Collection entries
______
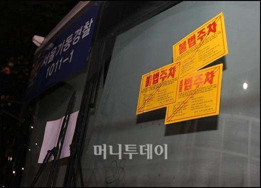 1일 저녁 서울 광화문에서 열린 미국 쇠고기 고시 철회 촉구 촛불문화제에서 시위대 진입을 막기위해 세워놓은 경찰버스에 시민들이 '불법주차' 스티커를 붙여 놓고 있다. 독자들의 PICK! "자습 때 둘이 사라져"...홍서범 아들 불륜, 학생들 잇단 제보 도끼♥이하이 열애설에 '절친' 슬리피 "결혼 가자" 월 700만원 벌어도..."생활비 30만원, 한국인 남편 짠돌이" 8살 차이 장모·사위, 금단의 관계로...회복 불가 외도 사례
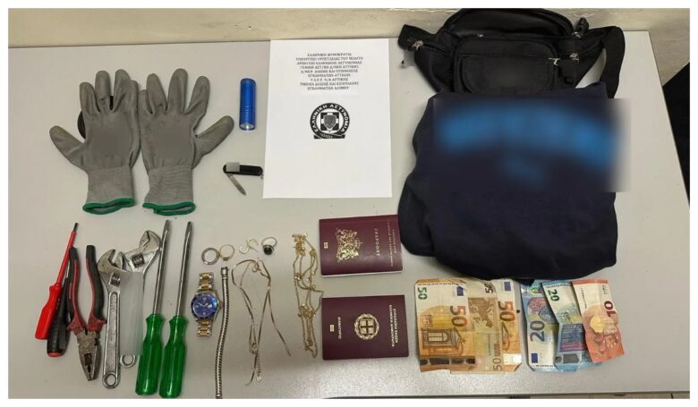 Κατόπιν ελέγχου, βρέθηκαν στην κατοχή του διαρρηκτικά εργαλεία, γάντια, -2- διαβατήρια, το χρηματικό ποσό των 200 ευρώ, καθώς και τα αφαιρεθέντα αντικείμενα, τα οποία αποδόθηκαν στην παθούσα.
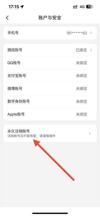 4、在账户与安全页面,点击永久注销账号选项,按照提示操作即可完成账号注销。
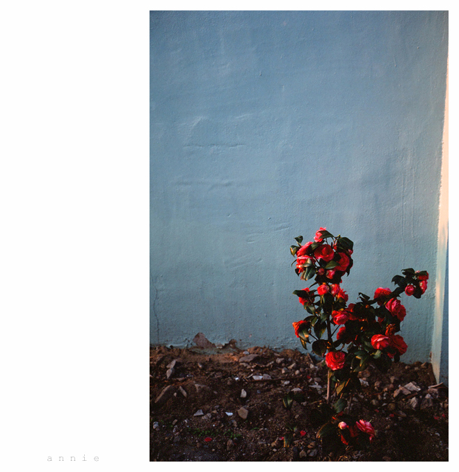 냉냉한 벽면과 붉은 동백과의 대비가 절묘합니다.
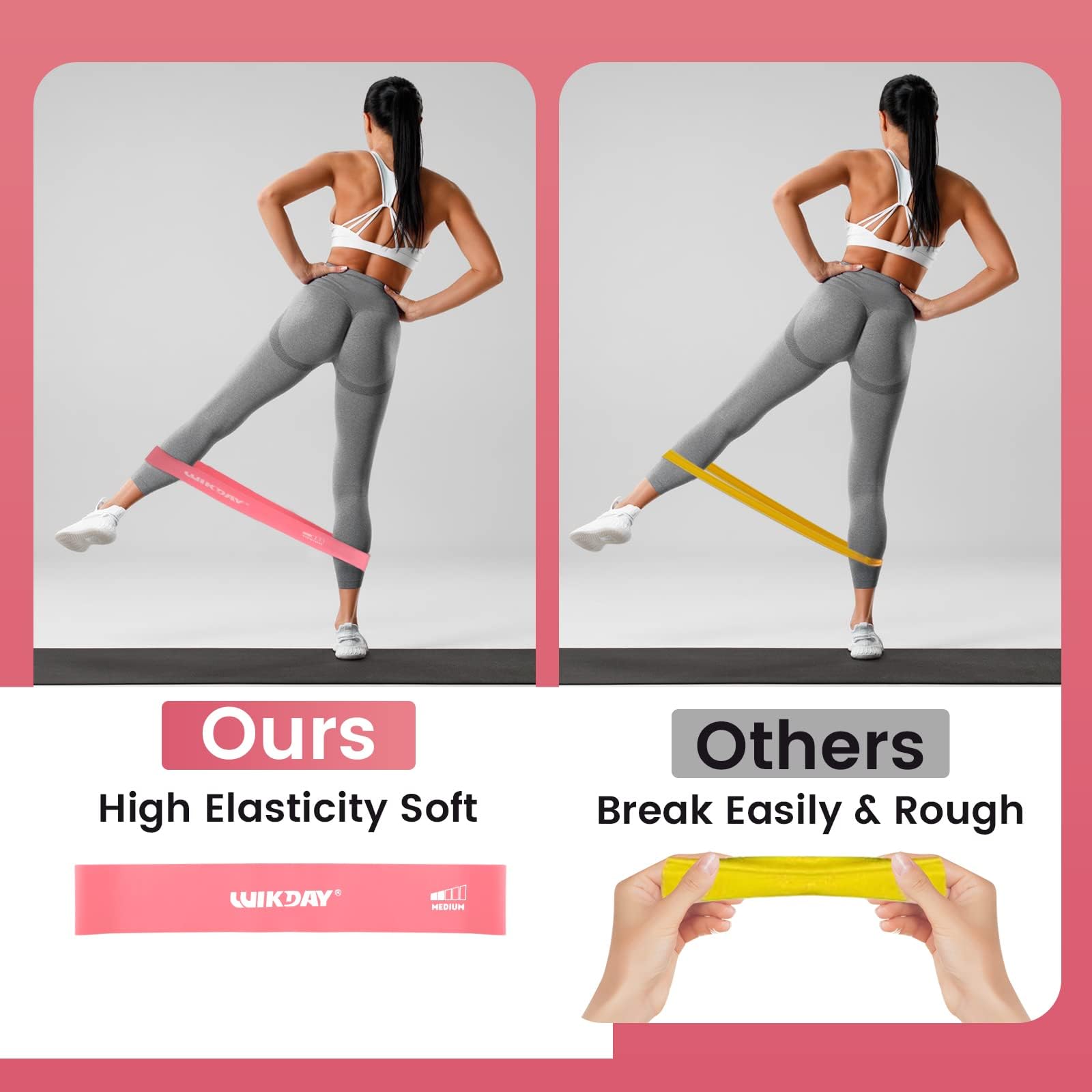 WIKDAY גומיות התנגדות לאימון לולאות, סט גומיות אימון לגברים ונשים, מתיחות גוף, אימון, אימון ביתי, פיזיותרפיה, רגליים ישבנות, סט של 5 (ורוד)
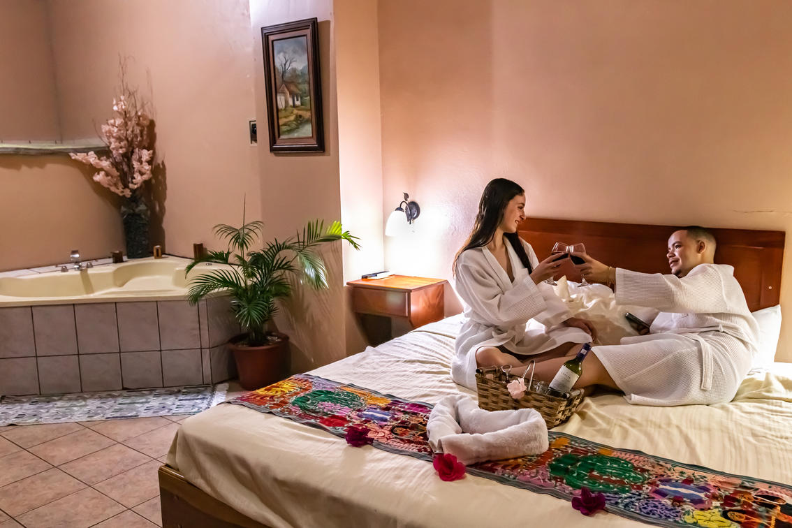 Our special room has a King size bed, mini bar, private bathroom, air conditioning, screen and cable, Jacuzzi and special decoration with candles, robes and wine glasses, a relaxing atmosphere. It is spacious and comfortable, it is located on the second level, with easy access to our garden terrace with beautiful views of the Arenal Volcano, where it is possible to sunbathe, read, enjoy a snack or enjoy good company!
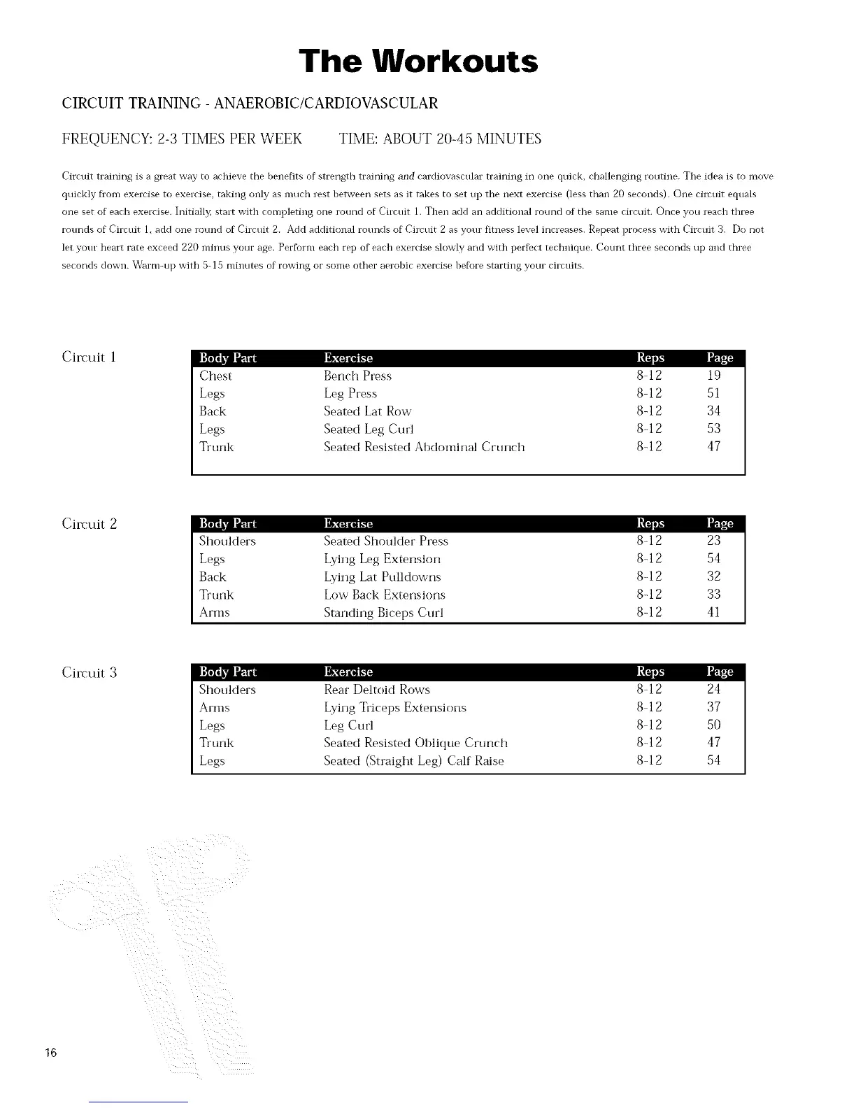seconds down. _Varm-up with 5-15 minutes of rowing or some other aerobic exercise before starting your circuits.
______
- INSTRUCTIONS FOR THE TASK -
Above are the records. Copy only the lines from the one with "Κατόπιν ελέγχου, βρέθηκαν" through the one with "냉냉한 벽면과 붉은 동백과의 대비가 절묘합니다.", exactly, with no pictures.

- ANSWER SPACE -
 Κατόπιν ελέγχου, βρέθηκαν στην κατοχή του διαρρηκτικά εργαλεία, γάντια, -2- διαβατήρια, το χρηματικό ποσό των 200 ευρώ, καθώς και τα αφαιρεθέντα αντικείμενα, τα οποία αποδόθηκαν στην παθούσα.
 4、在账户与安全页面,点击永久注销账号选项,按照提示操作即可完成账号注销。
 냉냉한 벽면과 붉은 동백과의 대비가 절묘합니다.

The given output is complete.